• **EXERCISE GOAL**: Exclude all pictures from your copy of the data below, which should otherwise match exactly.

DATASET SECTION START

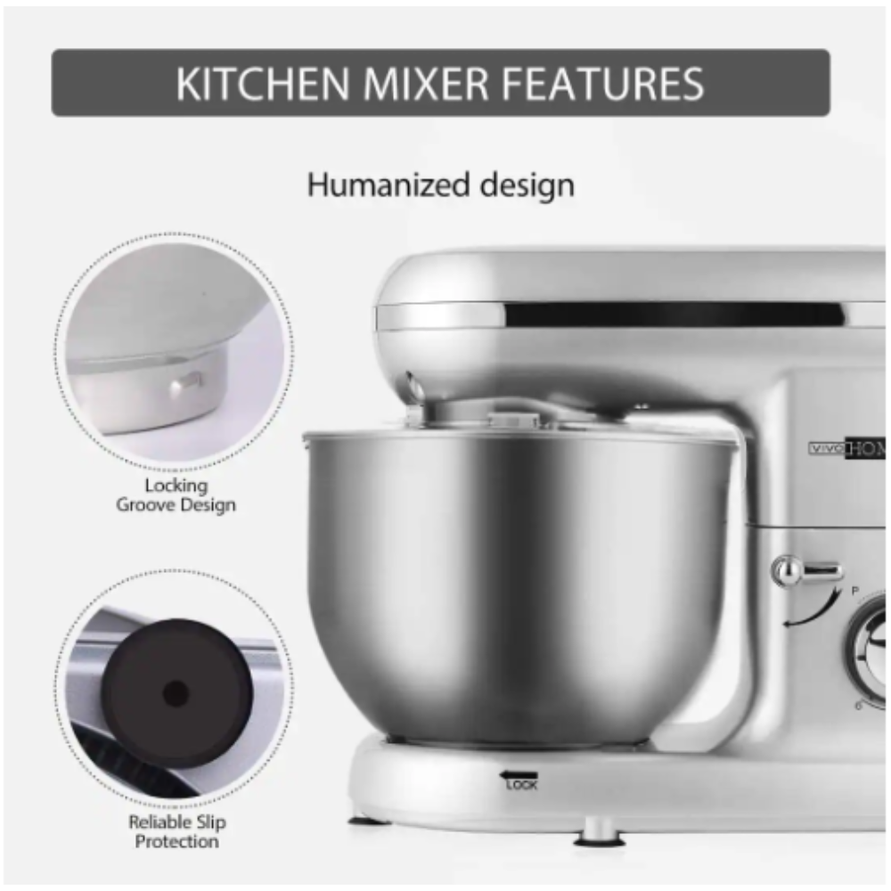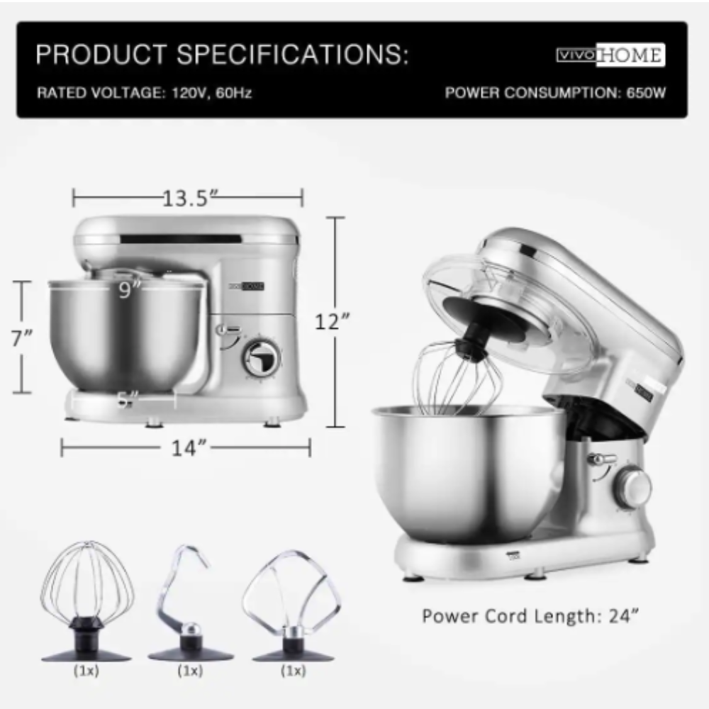 Vivohome 650-Watt 6 Qt. 6- Speed Silver Tilt-Head Kitchen Stand Mixer with Beater. Dough Hook and Wire Whip
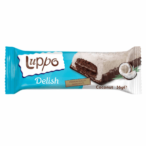 Luppo Delish Marshmallow & Coconut Cake, now available in a convenient, each weighing 36g. Indulge in the rich harmony of marshmallow and coconut, meticulously crafted to provide you with an unparalleled sensory delight.
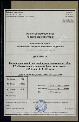 Дело 823: Документы военно-исторического управления ГШ ВС СССР: перевод приложений к жбд группы армий «Центр» - оперативный отдел – документ VI – донесения и предложения армий, том А, 3-я танковая группа часть 1, 23.06.1941 – 14.12.1941 г.
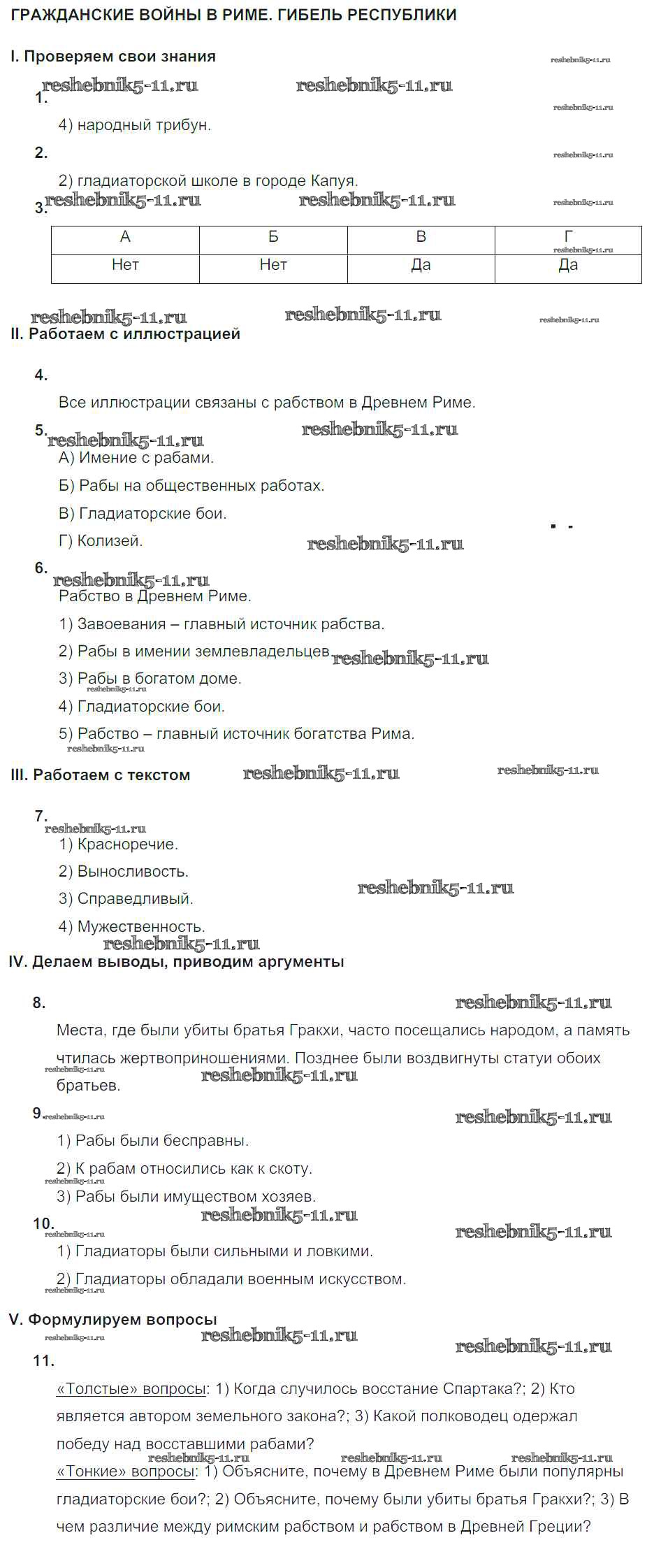 Готовая домашняя работа с ответами по Истории за 5 класс Саплина Тематический контроль Национальное образование 2016 ФГОС - Самостоятельные работы СР №22. Гражданские войны в Риме. Гибель республики

DATASET SECTION END

• **ANSWER FOR THE TASK**:
 Vivohome 650-Watt 6 Qt. 6- Speed Silver Tilt-Head Kitchen Stand Mixer with Beater. Dough Hook and Wire Whip
 Luppo Delish Marshmallow & Coconut Cake, now available in a convenient, each weighing 36g. Indulge in the rich harmony of marshmallow and coconut, meticulously crafted to provide you with an unparalleled sensory delight.
 Дело 823: Документы военно-исторического управления ГШ ВС СССР: перевод приложений к жбд группы армий «Центр» - оперативный отдел – документ VI – донесения и предложения армий, том А, 3-я танковая группа часть 1, 23.06.1941 – 14.12.1941 г.
 Готовая домашняя работа с ответами по Истории за 5 класс Саплина Тематический контроль Национальное образование 2016 ФГОС - Самостоятельные работы СР №22. Гражданские войны в Риме. Гибель республики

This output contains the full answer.